**YOUR ASSIGNMENT:** Each line of the records below needs repeating exactly. Skip the pictures.

····················

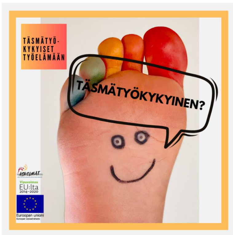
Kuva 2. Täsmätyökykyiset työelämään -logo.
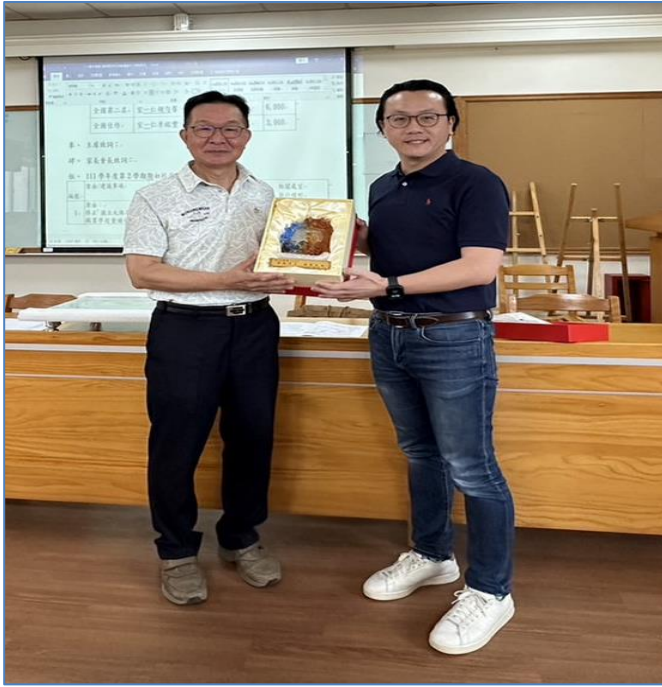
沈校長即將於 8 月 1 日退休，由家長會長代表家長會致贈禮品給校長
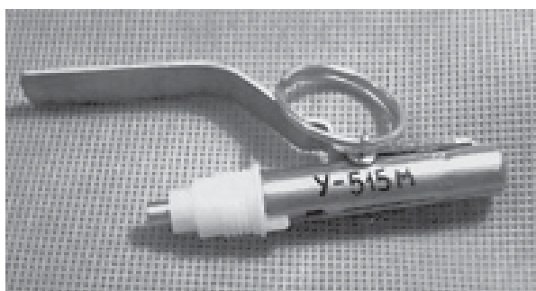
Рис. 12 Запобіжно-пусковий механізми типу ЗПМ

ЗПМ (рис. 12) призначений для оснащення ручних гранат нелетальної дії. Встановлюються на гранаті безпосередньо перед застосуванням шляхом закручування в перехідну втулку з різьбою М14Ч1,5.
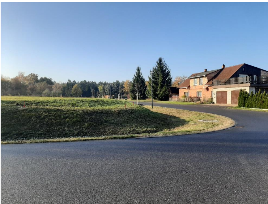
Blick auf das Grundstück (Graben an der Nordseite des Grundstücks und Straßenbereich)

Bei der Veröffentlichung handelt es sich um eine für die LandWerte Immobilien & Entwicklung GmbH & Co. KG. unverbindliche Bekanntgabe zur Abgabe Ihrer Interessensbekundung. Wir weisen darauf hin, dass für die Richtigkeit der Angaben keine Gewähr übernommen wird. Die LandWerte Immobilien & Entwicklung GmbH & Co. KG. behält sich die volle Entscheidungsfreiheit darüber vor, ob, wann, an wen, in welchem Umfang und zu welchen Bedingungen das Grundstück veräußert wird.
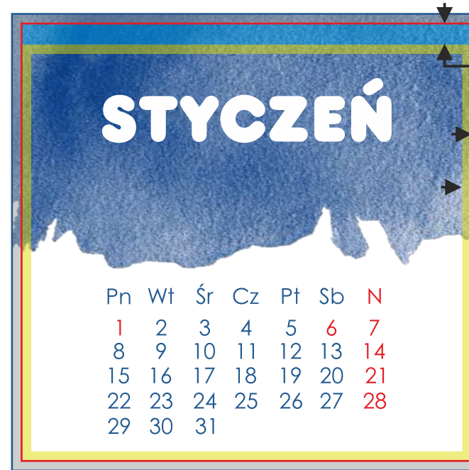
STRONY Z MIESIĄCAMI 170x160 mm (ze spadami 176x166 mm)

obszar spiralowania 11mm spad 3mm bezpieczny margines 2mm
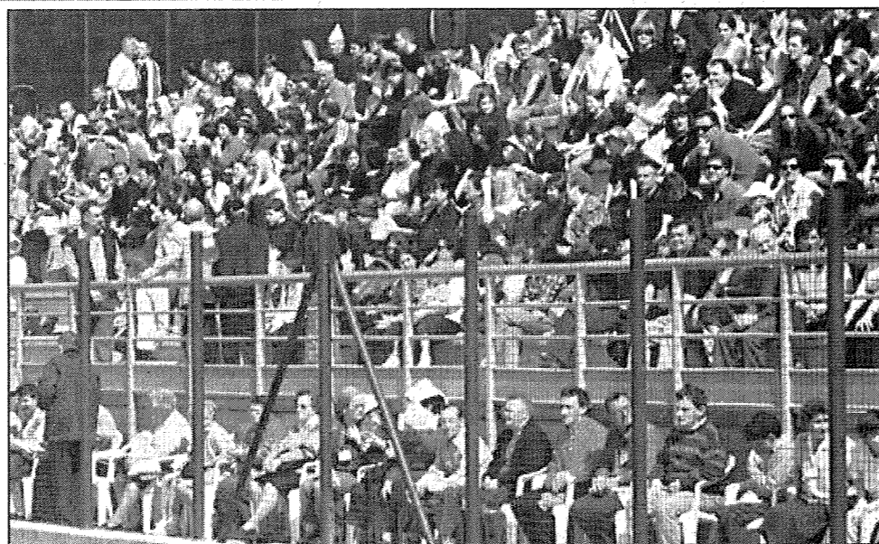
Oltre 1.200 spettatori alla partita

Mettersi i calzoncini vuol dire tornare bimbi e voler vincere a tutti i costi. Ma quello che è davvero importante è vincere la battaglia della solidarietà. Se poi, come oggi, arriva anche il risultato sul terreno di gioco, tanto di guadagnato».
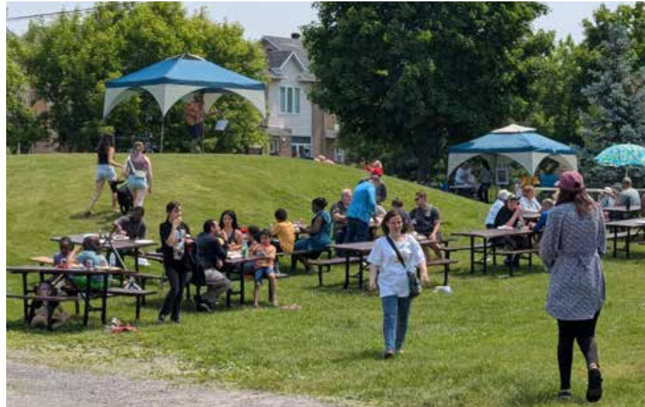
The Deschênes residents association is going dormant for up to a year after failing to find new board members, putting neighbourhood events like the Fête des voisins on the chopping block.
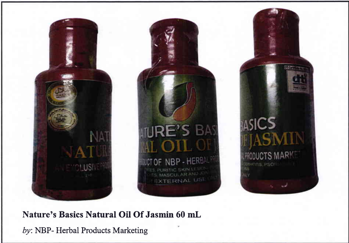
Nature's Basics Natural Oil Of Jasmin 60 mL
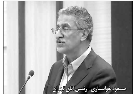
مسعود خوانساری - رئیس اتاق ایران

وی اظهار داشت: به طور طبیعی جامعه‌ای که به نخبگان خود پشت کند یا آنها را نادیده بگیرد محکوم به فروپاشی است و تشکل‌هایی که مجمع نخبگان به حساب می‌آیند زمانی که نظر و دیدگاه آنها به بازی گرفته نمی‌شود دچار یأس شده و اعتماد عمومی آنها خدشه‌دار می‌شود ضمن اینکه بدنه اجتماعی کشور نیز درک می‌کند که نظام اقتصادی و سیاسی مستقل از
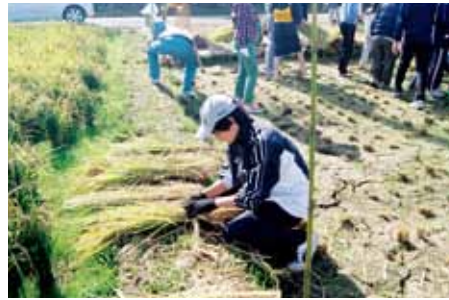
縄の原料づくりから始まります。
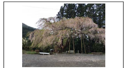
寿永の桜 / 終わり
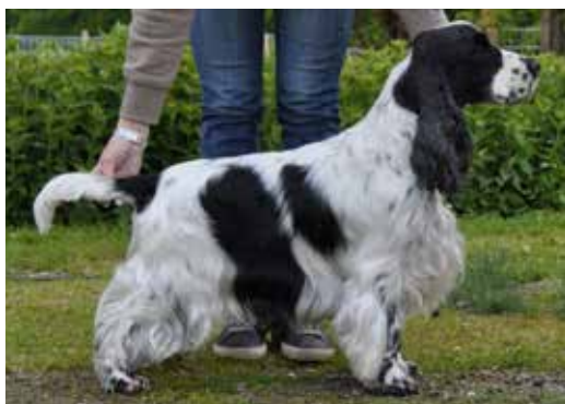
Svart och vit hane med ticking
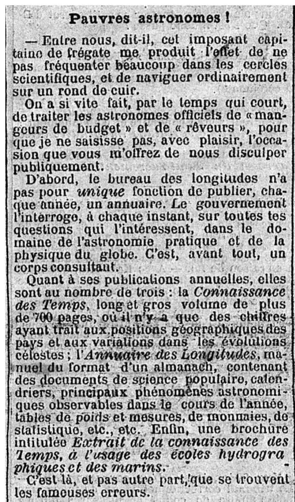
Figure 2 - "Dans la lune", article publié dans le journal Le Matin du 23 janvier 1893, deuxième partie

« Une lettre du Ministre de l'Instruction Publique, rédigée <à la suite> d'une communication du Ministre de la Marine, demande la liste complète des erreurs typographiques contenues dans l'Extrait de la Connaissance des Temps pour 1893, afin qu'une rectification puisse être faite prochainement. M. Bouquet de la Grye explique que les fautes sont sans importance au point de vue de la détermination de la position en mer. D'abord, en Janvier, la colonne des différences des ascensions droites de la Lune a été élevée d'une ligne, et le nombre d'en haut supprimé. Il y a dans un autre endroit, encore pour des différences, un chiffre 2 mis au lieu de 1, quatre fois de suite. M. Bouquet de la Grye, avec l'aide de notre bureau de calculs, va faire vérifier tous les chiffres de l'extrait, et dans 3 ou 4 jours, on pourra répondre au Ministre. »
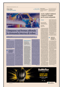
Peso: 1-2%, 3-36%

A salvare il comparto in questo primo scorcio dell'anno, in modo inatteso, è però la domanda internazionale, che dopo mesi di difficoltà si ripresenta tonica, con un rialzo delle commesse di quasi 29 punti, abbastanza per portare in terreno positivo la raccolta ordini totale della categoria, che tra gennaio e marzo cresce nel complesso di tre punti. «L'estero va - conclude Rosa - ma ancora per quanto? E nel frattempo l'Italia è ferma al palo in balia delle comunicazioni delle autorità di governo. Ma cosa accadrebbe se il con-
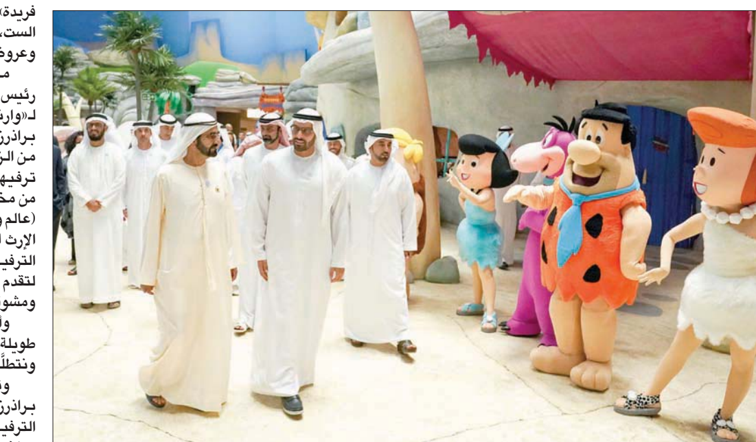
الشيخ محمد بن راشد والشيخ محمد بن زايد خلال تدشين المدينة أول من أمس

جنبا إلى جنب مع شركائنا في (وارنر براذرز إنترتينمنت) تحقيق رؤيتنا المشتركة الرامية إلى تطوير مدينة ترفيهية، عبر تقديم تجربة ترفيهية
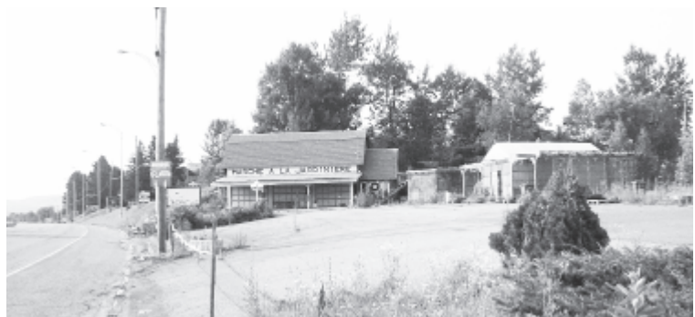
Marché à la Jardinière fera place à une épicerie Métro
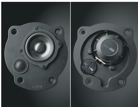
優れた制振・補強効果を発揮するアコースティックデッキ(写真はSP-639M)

····················

**RESPONSE TO THIS TASK:**
Kuva 2. Täsmätyökykyiset työelämään -logo.
沈校長即將於 8 月 1 日退休，由家長會長代表家長會致贈禮品給校長
Рис. 12 Запобіжно-пусковий механізми типу ЗПМ

ЗПМ (рис. 12) призначений для оснащення ручних гранат нелетальної дії. Встановлюються на гранаті безпосередньо перед застосуванням шляхом закручування в перехідну втулку з різьбою М14Ч1,5.
Blick auf das Grundstück (Graben an der Nordseite des Grundstücks und Straßenbereich)

Bei der Veröffentlichung handelt es sich um eine für die LandWerte Immobilien & Entwicklung GmbH & Co. KG. unverbindliche Bekanntgabe zur Abgabe Ihrer Interessensbekundung. Wir weisen darauf hin, dass für die Richtigkeit der Angaben keine Gewähr übernommen wird. Die LandWerte Immobilien & Entwicklung GmbH & Co. KG. behält sich die volle Entscheidungsfreiheit darüber vor, ob, wann, an wen, in welchem Umfang und zu welchen Bedingungen das Grundstück veräußert wird.
STRONY Z MIESIĄCAMI 170x160 mm (ze spadami 176x166 mm)

obszar spiralowania 11mm spad 3mm bezpieczny margines 2mm
Oltre 1.200 spettatori alla partita

Mettersi i calzoncini vuol dire tornare bimbi e voler vincere a tutti i costi. Ma quello che è davvero importante è vincere la battaglia della solidarietà. Se poi, come oggi, arriva anche il risultato sul terreno di gioco, tanto di guadagnato».
The Deschênes residents association is going dormant for up to a year after failing to find new board members, putting neighbourhood events like the Fête des voisins on the chopping block.
Nature's Basics Natural Oil Of Jasmin 60 mL
مسعود خوانساری - رئیس اتاق ایران

وی اظهار داشت: به طور طبیعی جامعه‌ای که به نخبگان خود پشت کند یا آنها را نادیده بگیرد محکوم به فروپاشی است و تشکل‌هایی که مجمع نخبگان به حساب می‌آیند زمانی که نظر و دیدگاه آنها به بازی گرفته نمی‌شود دچار یأس شده و اعتماد عمومی آنها خدشه‌دار می‌شود ضمن اینکه بدنه اجتماعی کشور نیز درک می‌کند که نظام اقتصادی و سیاسی مستقل از
縄の原料づくりから始まります。
寿永の桜 / 終わり
Svart och vit hane med ticking
Figure 2 - "Dans la lune", article publié dans le journal Le Matin du 23 janvier 1893, deuxième partie

« Une lettre du Ministre de l'Instruction Publique, rédigée <à la suite> d'une communication du Ministre de la Marine, demande la liste complète des erreurs typographiques contenues dans l'Extrait de la Connaissance des Temps pour 1893, afin qu'une rectification puisse être faite prochainement. M. Bouquet de la Grye explique que les fautes sont sans importance au point de vue de la détermination de la position en mer. D'abord, en Janvier, la colonne des différences des ascensions droites de la Lune a été élevée d'une ligne, et le nombre d'en haut supprimé. Il y a dans un autre endroit, encore pour des différences, un chiffre 2 mis au lieu de 1, quatre fois de suite. M. Bouquet de la Grye, avec l'aide de notre bureau de calculs, va faire vérifier tous les chiffres de l'extrait, et dans 3 ou 4 jours, on pourra répondre au Ministre. »
Peso: 1-2%, 3-36%

A salvare il comparto in questo primo scorcio dell'anno, in modo inatteso, è però la domanda internazionale, che dopo mesi di difficoltà si ripresenta tonica, con un rialzo delle commesse di quasi 29 punti, abbastanza per portare in terreno positivo la raccolta ordini totale della categoria, che tra gennaio e marzo cresce nel complesso di tre punti. «L'estero va - conclude Rosa - ma ancora per quanto? E nel frattempo l'Italia è ferma al palo in balia delle comunicazioni delle autorità di governo. Ma cosa accadrebbe se il con-
الشيخ محمد بن راشد والشيخ محمد بن زايد خلال تدشين المدينة أول من أمس

جنبا إلى جنب مع شركائنا في (وارنر براذرز إنترتينمنت) تحقيق رؤيتنا المشتركة الرامية إلى تطوير مدينة ترفيهية، عبر تقديم تجربة ترفيهية
Marché à la Jardinière fera place à une épicerie Métro
優れた制振・補強効果を発揮するアコースティックデッキ(写真はSP-639M)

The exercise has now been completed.